I was trained in electrical engineering, so let's start by looking at good enough in those terms. One component that everyone has at least heard of is the transistor. Most people understand that transistors are used to make amplifiers and that they are used inside CPUs. What people don't realize is that, except in very special circumstances, transistors make lousy amplifiers.

A transistor has several modes of operation. In one mode, the linear region, the transistor performs pretty well as an amplifier. At the edges of this region or outside that region, the transistor's behavior is non-linear. However, some engineer decided that if we could constrain the input and limit the amplification, we would gain a small component that amplifies well enough to be useful. Over the years, several variant transistors have been developed that have somewhat different linear capabilities, by tying different transistors together and making use of the "good enough" capabilities we have very good transistor-based amplifiers.

Outside the linear range, transistors work sort of like voltage-controlled switches. The problem was that they leaked current when they were turned off. They also tended to act as amplifiers when they passed through this "linear region" in the middle of their range. But, once again, some engineers decided that the transistor worked "enough" like a switch to do the job.
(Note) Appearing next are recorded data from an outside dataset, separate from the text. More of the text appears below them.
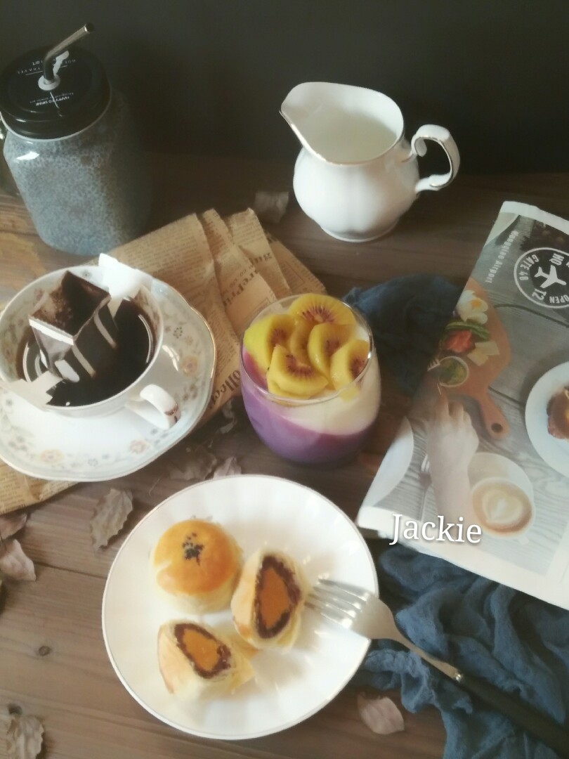 紫薯酸奶布丁,奇亚籽杯,蛋黄酥,挂耳咖啡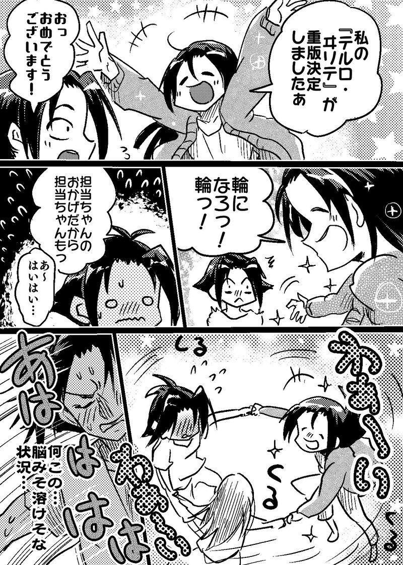 重版嬉しくて回るエルム・ナキュ(?)。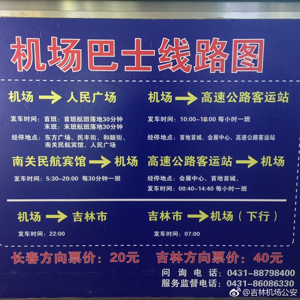 长春龙嘉国际机场大巴时刻表、站点票价以及最新电话信息如下: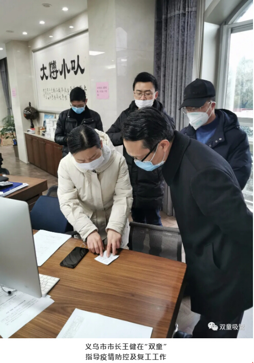 除了義烏市稅務(wù)局捐贈(zèng)的防疫物資外,在此次抗疫復(fù)工過(guò)程中,“雙童”深刻感受到義烏市政府對(duì)我們的支持和幫助。義烏市市長(zhǎng)王健、副市長(zhǎng)賈文紅也曾來(lái)到“雙童”指導(dǎo)疫情防控和復(fù)工工作,時(shí)刻關(guān)注“雙童”的復(fù)工發(fā)展。

Over time, the designs were refined and we now have transistor-based CPUs in desktop machines that have operating frequencies in excess of 2GHz.

If the people investigating transistors had taken the original transistor and tried to use it in a 2GHz CPU design or in a fancy multistage ammpilfier for CD-quality sound, they would have given up in despair. There is no way that the early transistors could have worked this way. But they realized that the current design was good enough to use in some applications, and they trusted that it could be improved given time.
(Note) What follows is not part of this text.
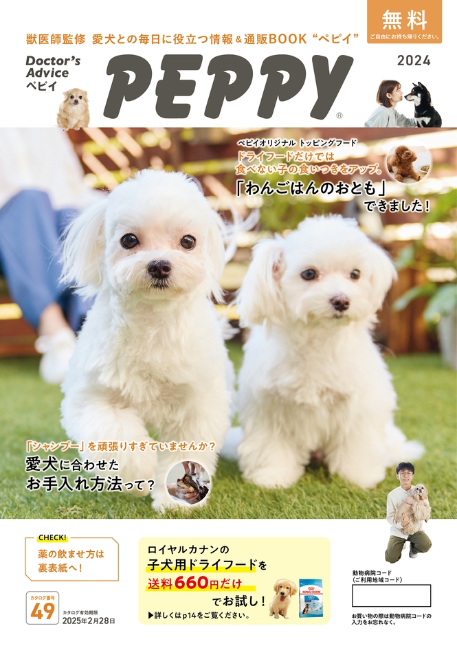 『ドクターズアドバイス・ペピイ』は、全国の犬・猫の飼い主様向けに無料配布している通販情報誌。ペピイのカタログは全国の動物病院で配布中です。

There are numerous other components and circuits that have similar histories. None of them behave in a perfect fashion. But, in a controlled environment, these components perform well enough to do useful work.
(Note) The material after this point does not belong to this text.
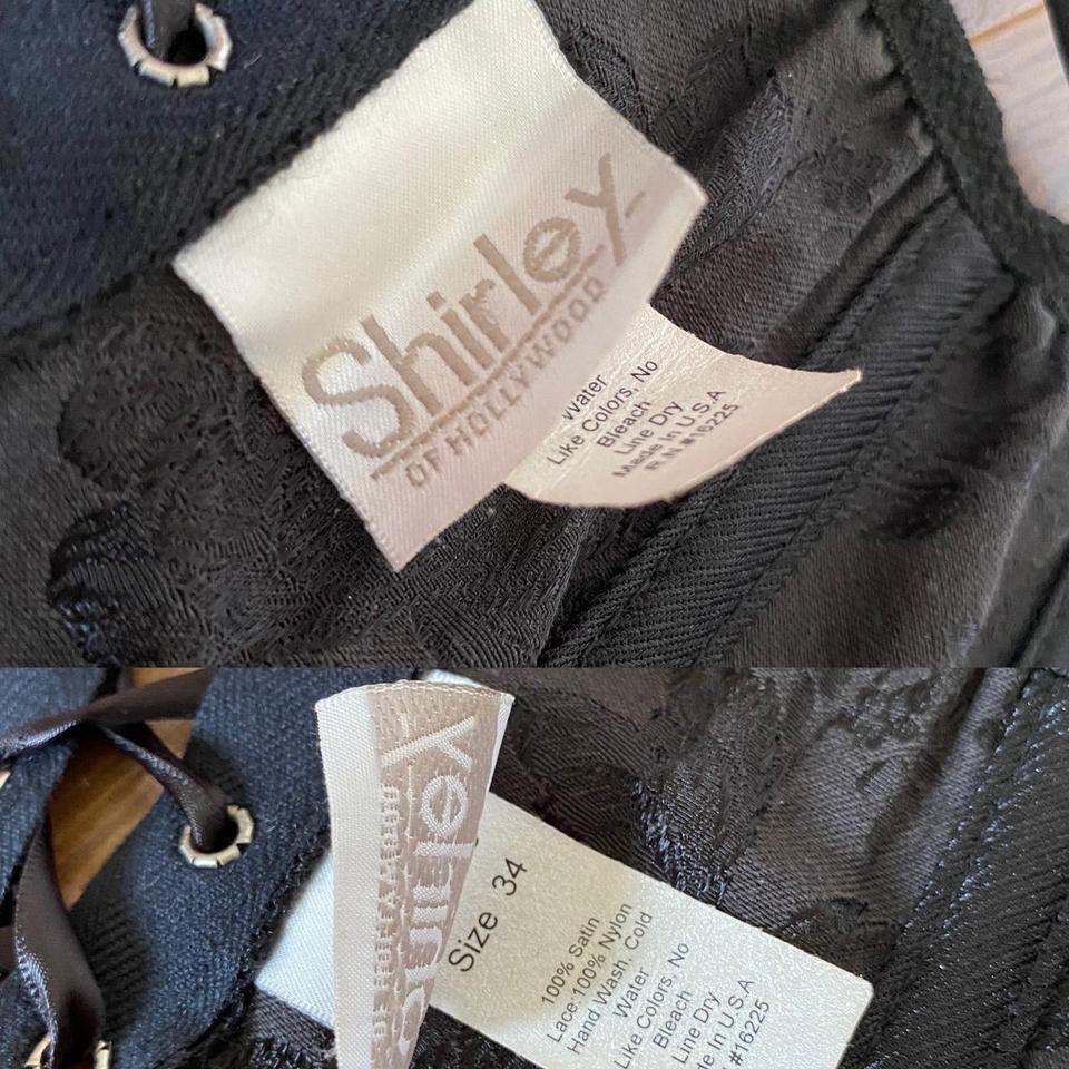 Black satin floral basque with a lightly padded underwire bra, adjustable straps, removable suspender straps, frilly lace sheer detailing, hook & eye fastenings at the front & an adjustable lace up back UK S-M

"Good Enough" in Engineering

In engineering, almost every problem has a huge number of constraints and requirements. Many of these requirements are mutually exclusive. Engineers look at various constraints and compare requirements and find tradeoffs to try to meet all of the requirements well enough to allow the product to be built.

When automotive engineers are designing a car, they have to design for safety. They could design a car that is perfectly safe. You could design one that contains special cushioning that can support every part of the body in any kind of collision. In addition, we could make the car so that it has built-in life support for use in case the car goes under water. While we are at it, let's limit the top speed of the vehicle to 5 mph. Obviously, this would be safer than anything on the road. But, no one would buy it. First of all, it would cost too much. Second of all, we could not use it to get anywhere in a reasonable amount of time.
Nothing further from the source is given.